The Pursuit of Ambiguity
You know... those targets with a chewy center and the flavor you just can't place.
“Structural integrity is necessary for existential longevity”, 2014, 8”.5x11”, digital. Image for an as-of-yet unreleased zine project.
This is what I’m thinking about today - in regards to knowing what my creative life is about. Or for. Or something.
When you stop consistently making work, your creativity can easily slip into artifice. It becomes your profile bio (did you see mine?! pfft), or the way you position yourself in conversations. It could become an epitaph on your headstone. For now it's just a text-based version of an old hoodie from college that you keep trying to pull off but your partner is like “seriously you can’t wear that anymore who even are you right now!?”

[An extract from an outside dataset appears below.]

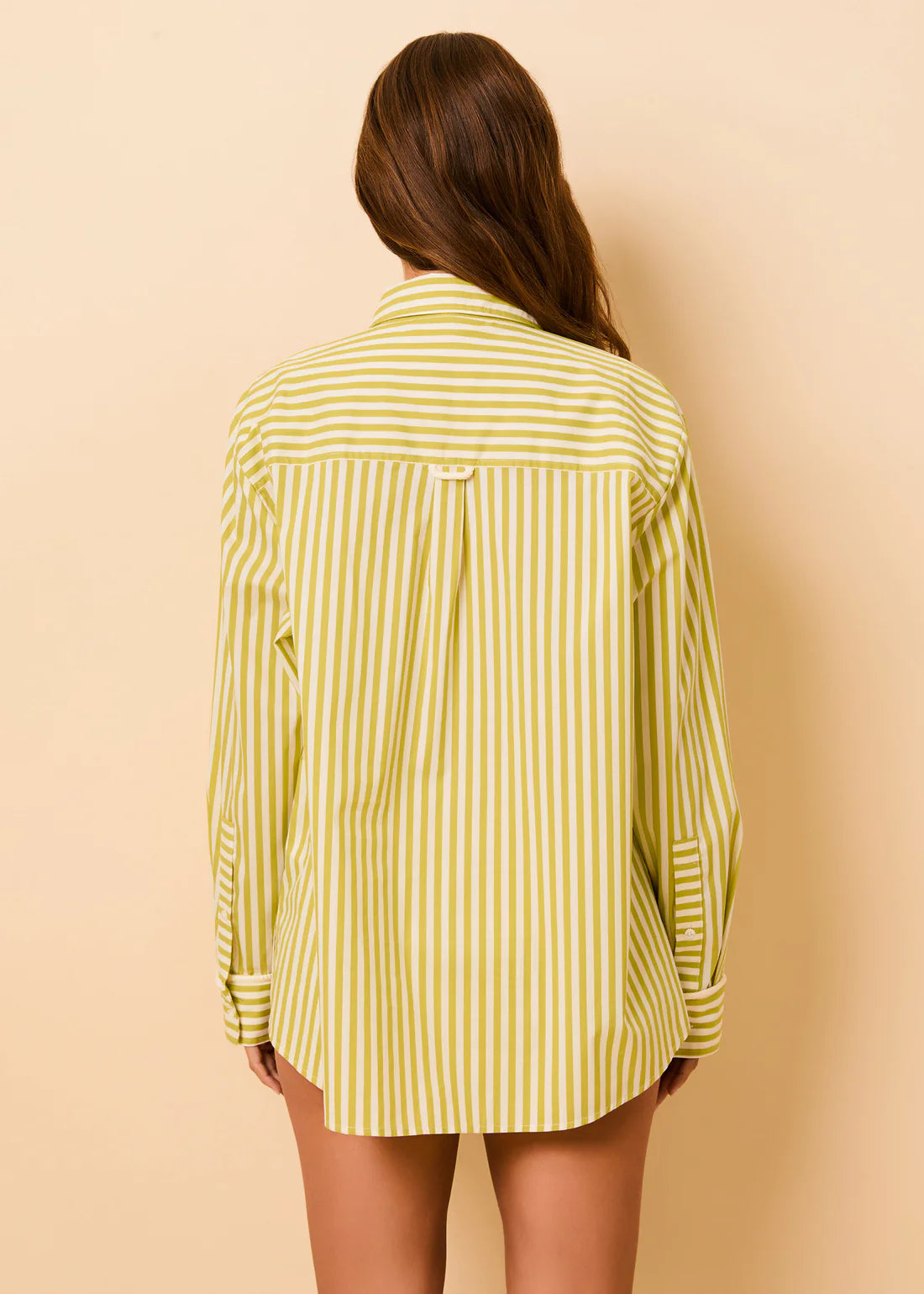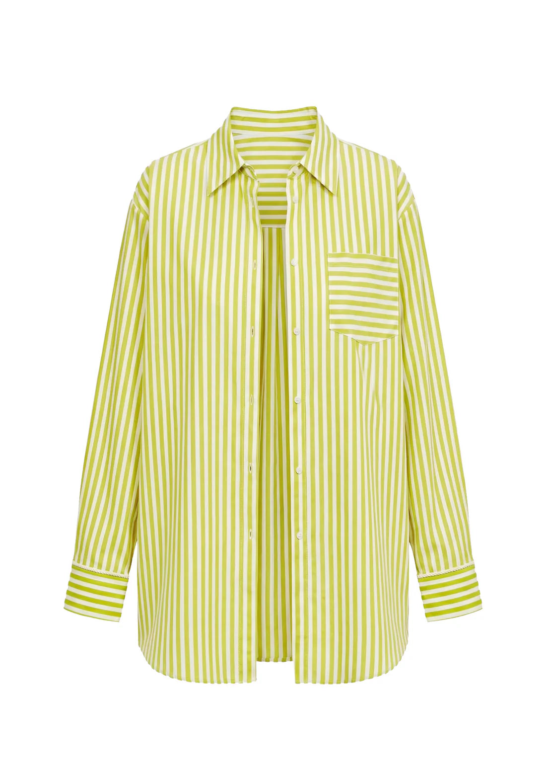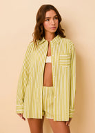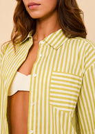 The Avril Button Down is a classic button-down shirt, featuring a relaxed fit, a single chest pocket, and mother-of-pearl buttons. Made in a crisp cotton poplin, the shirt features a yarn dye stripe and is finished with a washed effect for effortless, lived-in charm.

Others have said this, but to re-establish the point - being an artist is an act. An ongoing process. If it's not happening, then it has only happened. Like that time you ran the last ten yards and went to state. It’s gross. Just like that sports analogy.
Don’t be like that sports analogy.
One has to decide what being the artist is for and why it’s important. Making art (or whatever you create and put into the world for yourself) is only like "breathing" if you are in the act of doing it. But when it's dropped out of your life... what does that hoodie look like now?
To be effective in my art practice, I need that 10,000 foot gut-check from time to time. I need to recognize in myself that I have a need for some certainty in my actions - a habit. And to maintain this, I need clarity of awareness. An answer as to why I'm doing it in order to be consistent in my pursuit of ambiguity.
Which is what an art practice really is, after all. One makes work because you don’t know or fully understand a thing. Knowing the whys and hows comes after and in-between.
Understanding why you work can bring a new level of confidence and consistency to what you do. Especially in the dark ages of content-for-likes, and conceptual-less beauty-for-tiny-devices that may not actually scale well into the meat-space. You can look at my art on your phone from your toilet if you want. But just know that there is real purpose in what drove it into existence.
Riddle me this: How do you keep a grip on the purpose of your work?